🤖 AI Summary
Existing studies lack a systematic analysis of how post-training processes shape large language models’ (LLMs) risk preferences in uncertain decision-making. Method: We propose the first integrated framework—grounded in behavioral economics and finance—that enables risk characterization, guidance, and controllable modulation of LLMs. Leveraging utility-theoretic modeling, multi-stage comparative analysis (pretraining, instruction tuning, RLHF), prompt engineering, and in-context learning, we quantify risk behavior across training stages. Contribution/Results: We find instruction-tuned models best align with standard expected utility theory, whereas pretrained and RLHF-tuned models exhibit significant deviations. Crucially, post-training—particularly instruction tuning—proves to be the most stable and quantifiably controllable intervention point for calibrating LLM risk preferences.
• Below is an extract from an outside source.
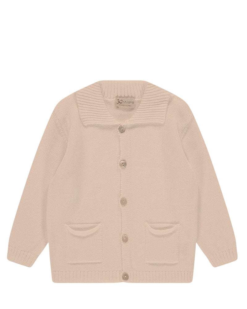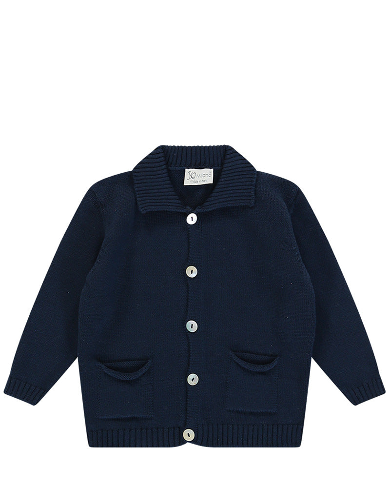 Maglia cardigan realizzata in filo di cotone, abbottonatura frontale, colletto in costa, taschine applicate sul davanti.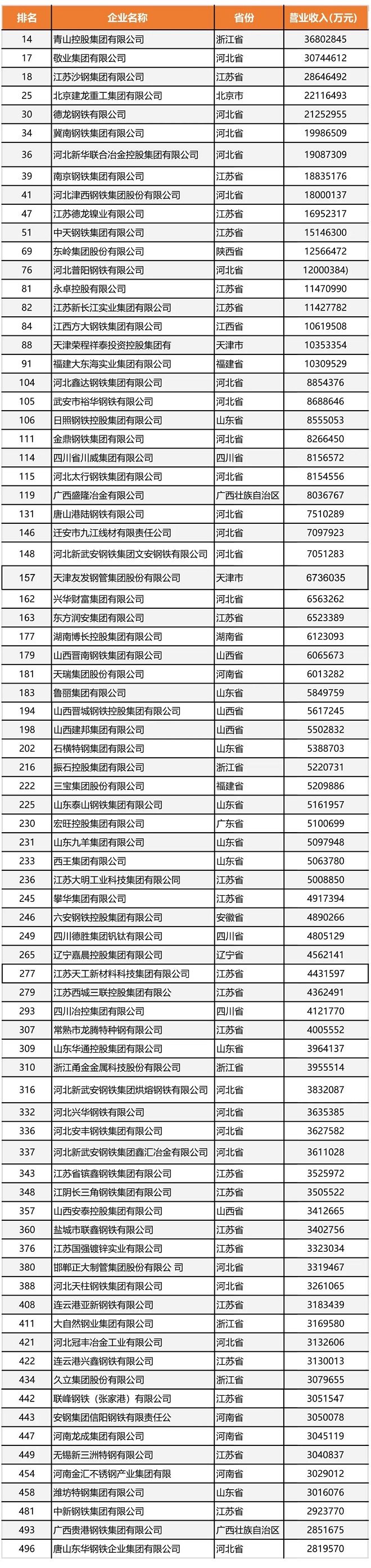 2023中國民營企業(yè)500強(qiáng)出爐 80家鋼鐵企業(yè)上榜

This establishes a novel paradigm for building trustworthy AI systems capable of principled, interpretable, and adjustable decision-making under uncertainty.
📝 Abstract
Large language models (LLMs) are increasingly used for decision-making tasks under uncertainty; however, their risk profiles and how they are influenced by prompting and alignment methods remain underexplored. Existing studies have primarily examined personality prompting or multi-agent interactions, leaving open the question of how post-training influences the risk behavior of LLMs. In this work, we propose a new pipeline for eliciting, steering, and modulating LLMs' risk profiles, drawing on tools from behavioral economics and finance. Using utility-theoretic models, we compare pre-trained, instruction-tuned, and RLHF-aligned LLMs, and find that while instruction-tuned models exhibit behaviors consistent with some standard utility formulations, pre-trained and RLHF-aligned models deviate more from any utility models fitted. We further evaluate modulation strategies, including prompt engineering, in-context learning, and post-training, and show that post-training provides the most stable and effective modulation of risk preference. Our findings provide insights into the risk profiles of different classes and stages of LLMs and demonstrate how post-training modulates these profiles, laying the groundwork for future research on behavioral alignment and risk-aware LLM design.